Representing and Learning High Dimensional Data with the Optimal Transport
Map from a Probabilistic Viewpoint
Abstract
In this paper, we propose a generative model in the space
of diffeomorphic deformation maps. More precisely, we utilize the Kantarovich-Wasserstein metric and accompanying
geometry to represent an image as a deformation from templates. Moreover, we incorporate a probabilistic viewpoint
by assuming that each image is locally generated from a reference image. We capture the local structure by modelling
the tangent planes at reference images.
Once basis vectors for each tangent plane are learned
via probabilistic PCA, we can sample a local coordinate,
that can be inverted back to image space exactly. With experiments using 4 different datasets, we show that the generative tangent plane model in the optimal transport (OT)

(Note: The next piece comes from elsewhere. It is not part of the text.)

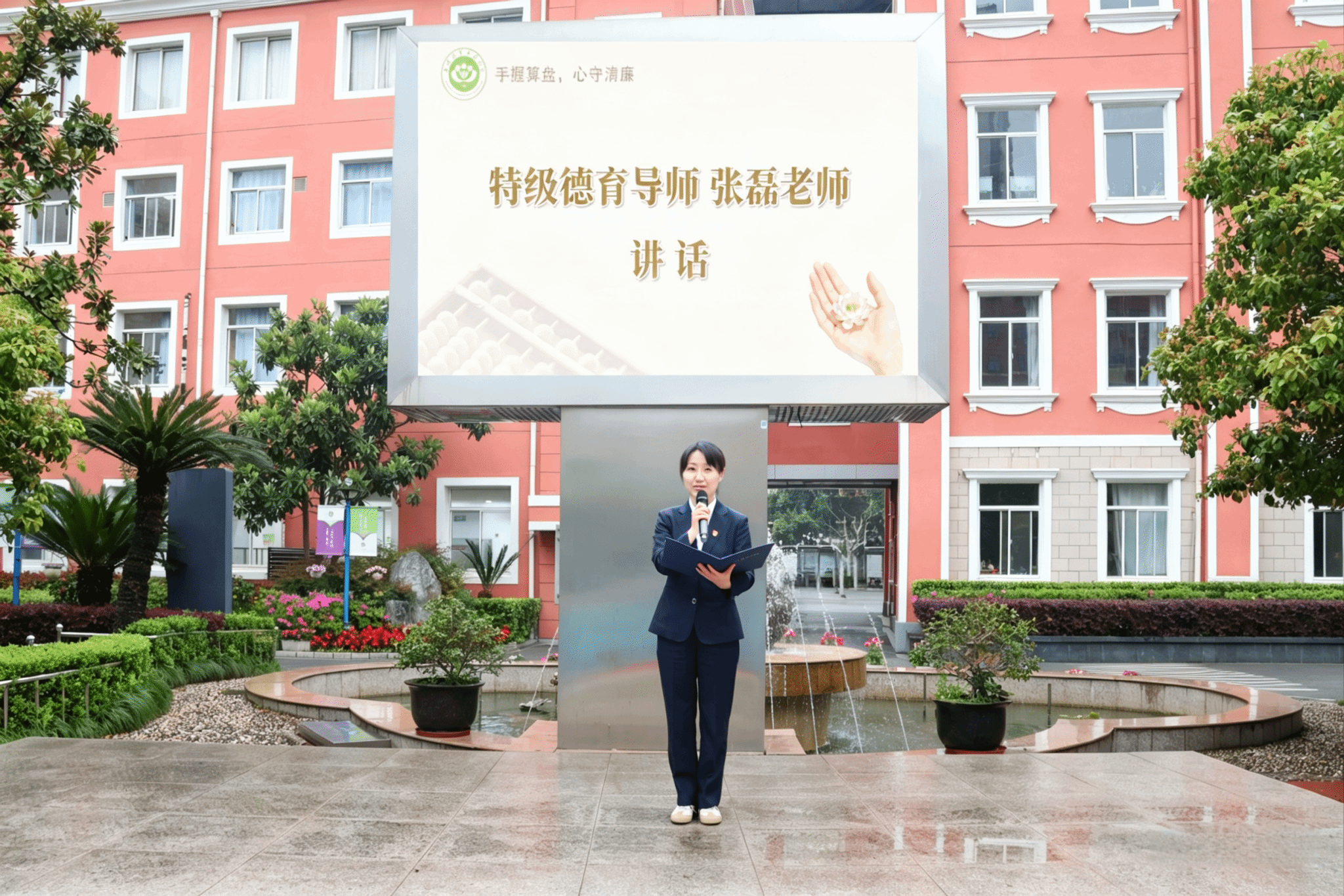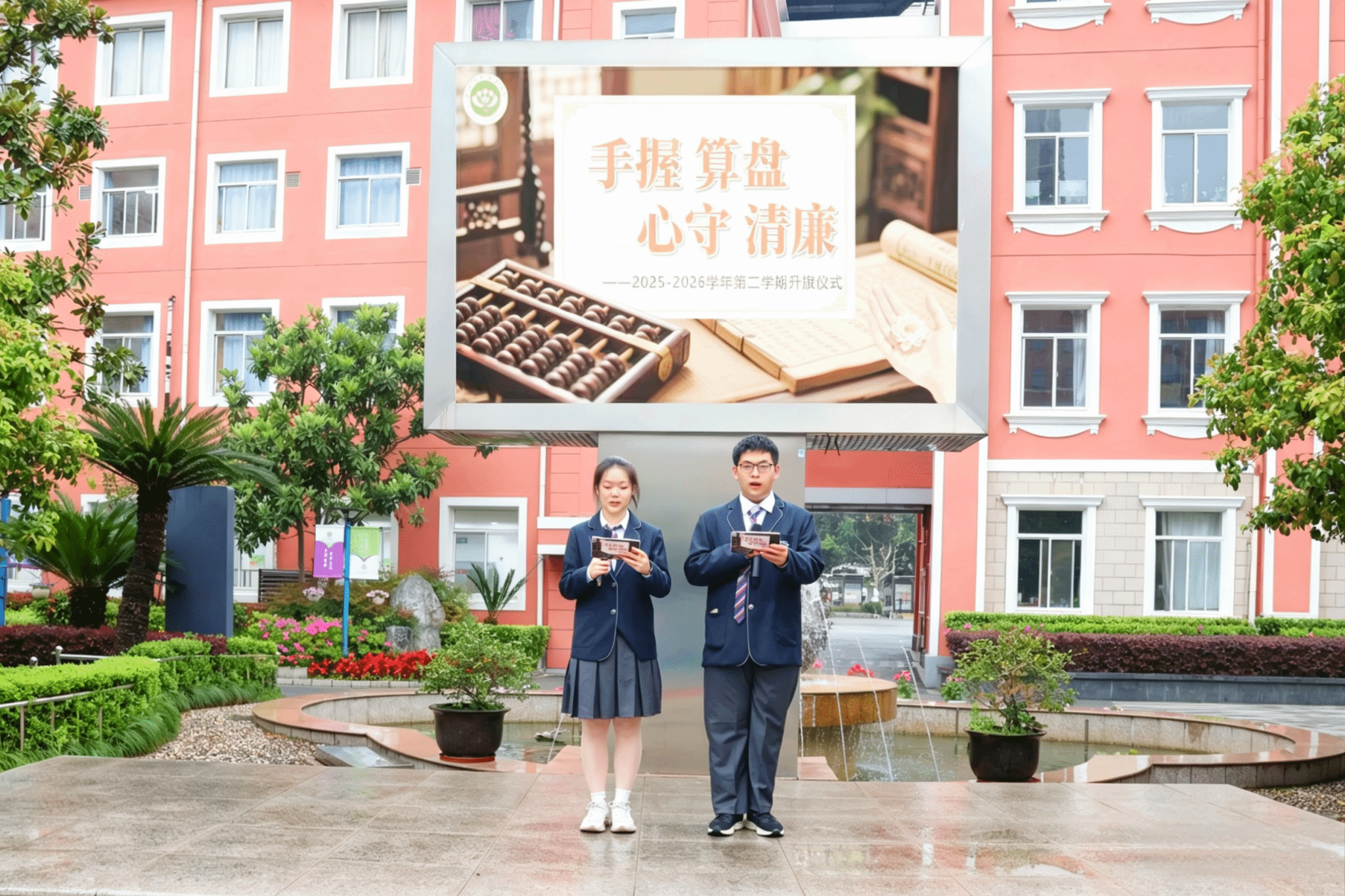 为厚植校园廉洁文化根基,培育清荷学子清廉修身、诚信笃行的职业素养,4月13日清晨,黄浦校区举行“手握算盘,心守清廉”主题升旗仪式,正式拉开第九届清荷廉洁文化月帷幕。学校党委书记陈震,副校长张志华,纪委书记徐帼芳,副校长龚丽,党委委员、党办主任林蔚,全国“五一劳动奖章” 获得者张磊女士,以及全体师生共同参与本次仪式。

manifold can be learned with small numbers of images and
can be used to create infinitely many ‘unseen’ images. In
addition, the Bayesian classification accompanied with the
probabilist modeling of the tangent planes shows improved
accuracy over that done in the image space. Combining the
results of our experiments supports our claim that certain
datasets can be better represented with the KantarovichWasserstein metric. We envision that the proposed method
could be a practical solution to learning and representing
data that is generated with templates in situatons where
only limited numbers of data points are available